Most of these groups seem to be jokes. But the question remains, if it is so easy to fake a couple hundred thousand member Facebook group, why isn’t there one in favor of Harper’s prorogation?
I’ve heard people saying that the news media boosted the estimates of attendees. I can tell you that that the estimates given by the media for the Waterloo Rally attendance were decidedly low. Something else that no one even considers is crowd turnover. It probably wouldn’t happen at other times of the year or in warmer climes, but a good number of older folks packed up and left the rally (around the time that the local TV reporter did). But the crowd didn’t shrink particularly, as groups of younger protesters were trickling in at around the time the older ones were leaving. That may also be peculiar to the Waterloo rally, since they had to push back the Rally time to accommodate a skating show that would have been taking place at the same time. So perhaps a lot of those folks hadn’t been aware that the rally time had moved. Whatever, there were far more than 500 attendees; the photographs I took tell me there were something between between 800 and 1,200 attendees.
I’m not sure about Guelph because I arrived late so I missed the outdoor part of the Rally. The crowd was already on the march away from the Rally en route to the indoor panel discussion in a local church. I started taking pictures as the marchers approached me.
But I could see that some of the people from the outdoor rally did not join the march. By the same token, I don’t know if all of the folks inside the church for the panel discussion attended the rally, or just showed up for the warm parts.

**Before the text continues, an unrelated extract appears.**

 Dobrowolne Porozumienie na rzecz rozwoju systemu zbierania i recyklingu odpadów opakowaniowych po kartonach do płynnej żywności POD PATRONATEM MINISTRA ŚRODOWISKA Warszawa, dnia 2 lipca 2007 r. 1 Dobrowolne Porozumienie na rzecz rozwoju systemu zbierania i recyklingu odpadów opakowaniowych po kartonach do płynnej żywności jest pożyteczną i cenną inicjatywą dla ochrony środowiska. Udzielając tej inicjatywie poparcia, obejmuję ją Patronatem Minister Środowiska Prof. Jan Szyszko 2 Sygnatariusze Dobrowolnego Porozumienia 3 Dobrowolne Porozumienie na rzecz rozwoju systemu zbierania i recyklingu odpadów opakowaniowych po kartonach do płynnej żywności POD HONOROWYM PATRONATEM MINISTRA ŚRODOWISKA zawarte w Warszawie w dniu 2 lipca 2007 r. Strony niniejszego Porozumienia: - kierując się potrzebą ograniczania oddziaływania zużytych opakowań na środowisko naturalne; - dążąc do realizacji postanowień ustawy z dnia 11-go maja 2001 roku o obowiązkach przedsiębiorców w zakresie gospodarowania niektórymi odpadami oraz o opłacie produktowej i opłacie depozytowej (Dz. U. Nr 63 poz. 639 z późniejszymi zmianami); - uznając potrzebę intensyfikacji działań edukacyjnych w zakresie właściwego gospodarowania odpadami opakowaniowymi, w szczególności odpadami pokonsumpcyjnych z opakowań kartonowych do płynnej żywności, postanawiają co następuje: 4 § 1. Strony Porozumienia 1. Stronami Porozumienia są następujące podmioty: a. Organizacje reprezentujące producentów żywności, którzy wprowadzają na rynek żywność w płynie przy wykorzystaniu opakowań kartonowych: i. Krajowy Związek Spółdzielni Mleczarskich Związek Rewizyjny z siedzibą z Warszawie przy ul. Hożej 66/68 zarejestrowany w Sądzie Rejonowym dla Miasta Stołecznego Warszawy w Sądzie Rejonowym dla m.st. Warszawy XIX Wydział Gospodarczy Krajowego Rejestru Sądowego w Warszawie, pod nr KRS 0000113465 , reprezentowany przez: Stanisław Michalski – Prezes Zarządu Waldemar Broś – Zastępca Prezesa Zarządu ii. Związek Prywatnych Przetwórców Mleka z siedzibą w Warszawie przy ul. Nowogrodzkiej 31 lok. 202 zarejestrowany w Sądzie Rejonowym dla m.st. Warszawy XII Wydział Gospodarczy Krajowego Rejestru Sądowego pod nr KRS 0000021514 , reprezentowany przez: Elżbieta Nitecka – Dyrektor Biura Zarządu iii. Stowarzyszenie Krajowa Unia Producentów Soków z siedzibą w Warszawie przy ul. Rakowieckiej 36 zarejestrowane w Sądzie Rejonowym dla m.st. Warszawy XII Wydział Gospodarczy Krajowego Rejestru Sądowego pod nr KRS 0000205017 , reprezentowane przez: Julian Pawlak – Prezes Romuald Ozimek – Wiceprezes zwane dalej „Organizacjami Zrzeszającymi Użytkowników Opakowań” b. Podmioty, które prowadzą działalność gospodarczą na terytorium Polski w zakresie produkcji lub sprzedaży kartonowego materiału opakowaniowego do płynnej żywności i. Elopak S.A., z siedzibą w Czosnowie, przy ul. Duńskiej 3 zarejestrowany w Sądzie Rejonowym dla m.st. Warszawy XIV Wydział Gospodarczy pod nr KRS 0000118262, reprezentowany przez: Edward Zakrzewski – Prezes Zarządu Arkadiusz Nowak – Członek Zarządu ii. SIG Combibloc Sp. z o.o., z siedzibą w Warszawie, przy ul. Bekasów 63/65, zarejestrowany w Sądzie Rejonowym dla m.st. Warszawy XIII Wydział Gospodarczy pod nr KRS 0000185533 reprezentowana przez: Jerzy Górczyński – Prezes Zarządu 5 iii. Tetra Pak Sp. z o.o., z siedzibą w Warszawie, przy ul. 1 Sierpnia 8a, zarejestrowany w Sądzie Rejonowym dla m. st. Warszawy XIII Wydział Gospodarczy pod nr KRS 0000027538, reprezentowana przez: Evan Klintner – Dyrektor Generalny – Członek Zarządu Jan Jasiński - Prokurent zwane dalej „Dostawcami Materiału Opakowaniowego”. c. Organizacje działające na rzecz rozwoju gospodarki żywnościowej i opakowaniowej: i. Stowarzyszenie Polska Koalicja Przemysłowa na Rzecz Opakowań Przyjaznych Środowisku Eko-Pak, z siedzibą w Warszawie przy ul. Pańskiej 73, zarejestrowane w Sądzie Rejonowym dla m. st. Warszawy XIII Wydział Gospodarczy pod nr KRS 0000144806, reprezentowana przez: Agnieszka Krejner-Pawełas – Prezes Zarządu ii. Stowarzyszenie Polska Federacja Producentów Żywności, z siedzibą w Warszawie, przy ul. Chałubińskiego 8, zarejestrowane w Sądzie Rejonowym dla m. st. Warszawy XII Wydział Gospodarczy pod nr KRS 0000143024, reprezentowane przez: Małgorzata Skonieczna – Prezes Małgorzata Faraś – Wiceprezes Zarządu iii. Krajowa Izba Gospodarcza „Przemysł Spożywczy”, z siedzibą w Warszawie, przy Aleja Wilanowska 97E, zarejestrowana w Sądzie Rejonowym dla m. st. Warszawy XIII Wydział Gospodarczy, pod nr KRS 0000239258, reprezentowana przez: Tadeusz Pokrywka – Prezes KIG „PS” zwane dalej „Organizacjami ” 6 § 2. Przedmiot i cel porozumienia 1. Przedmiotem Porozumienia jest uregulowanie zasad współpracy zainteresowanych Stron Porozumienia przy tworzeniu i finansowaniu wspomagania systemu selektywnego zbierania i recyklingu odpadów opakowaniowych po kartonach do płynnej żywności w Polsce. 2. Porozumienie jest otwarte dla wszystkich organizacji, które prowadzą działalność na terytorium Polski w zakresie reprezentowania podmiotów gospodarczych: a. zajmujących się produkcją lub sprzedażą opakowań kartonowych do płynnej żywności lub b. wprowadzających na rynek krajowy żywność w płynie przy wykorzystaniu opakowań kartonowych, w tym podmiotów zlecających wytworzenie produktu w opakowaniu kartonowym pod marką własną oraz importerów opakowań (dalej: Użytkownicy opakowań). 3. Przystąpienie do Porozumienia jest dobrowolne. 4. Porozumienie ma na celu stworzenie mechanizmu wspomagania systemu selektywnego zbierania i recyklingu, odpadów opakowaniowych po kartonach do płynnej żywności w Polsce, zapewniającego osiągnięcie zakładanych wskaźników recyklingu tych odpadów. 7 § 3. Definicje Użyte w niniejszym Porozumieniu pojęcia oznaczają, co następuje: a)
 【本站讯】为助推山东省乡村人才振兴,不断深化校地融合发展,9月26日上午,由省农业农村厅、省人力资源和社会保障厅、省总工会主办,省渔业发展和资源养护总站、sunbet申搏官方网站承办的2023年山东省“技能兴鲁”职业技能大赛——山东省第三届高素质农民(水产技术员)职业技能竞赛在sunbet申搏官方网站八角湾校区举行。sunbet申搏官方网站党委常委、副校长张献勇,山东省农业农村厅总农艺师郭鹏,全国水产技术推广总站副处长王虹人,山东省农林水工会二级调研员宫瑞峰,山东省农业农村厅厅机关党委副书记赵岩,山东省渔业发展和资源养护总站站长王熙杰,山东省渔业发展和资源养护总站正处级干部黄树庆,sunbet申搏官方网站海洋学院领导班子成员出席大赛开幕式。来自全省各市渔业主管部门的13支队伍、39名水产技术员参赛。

Does it really matter? What both the Facebook page and the NoProrogue Rallies clearly tell us is that there are a lot of Canadians unhappy with our political situation.
Have you ever noticed that Canadians are always accused of electoral apathy by the media, but then when Canadians start throwing no-prorogation rallies and suddenly we’re quaint but still ineffectual. Macleans ran an online story The Commons: ‘I shouldn’t have to be here’ which was yet another mainstream media stories that essentially tells us that when Canadians aren’t being ineffective through apathy, we’re being ineffective but cute when we engage in grassroots protest.
Meanwhile, back at the CBC online, the story Thousands protest Parliament’s suspension has 3206 comments… If you’ve ever fought your way through CBC comments, with only 5 to a page it would take far longer than a No-Prorogation Rally to read your way through them all. I wouldn’t mind so much except I have to sleep sometime.
If that is truly the case, we really need to do something about that. It is certainly something to think about.
whose country is it anyway?
This P.A. Herald story Protest about prorogue planned for Prince Albert is about Prince Albert MP Randy Hoback who brings obliviousness to a new low. This is a man spending some of his Prorogation Vacation in California. I think it would be a good idea for all Canadians to let Randy Hoback know just how we feel about this. Here is his contact information:
137-15th Street East (Main Office)
Prince Albert, Saskatchewan
House of Commons
I mean really, it’s like this guy thinks he’s Tony Clement or something.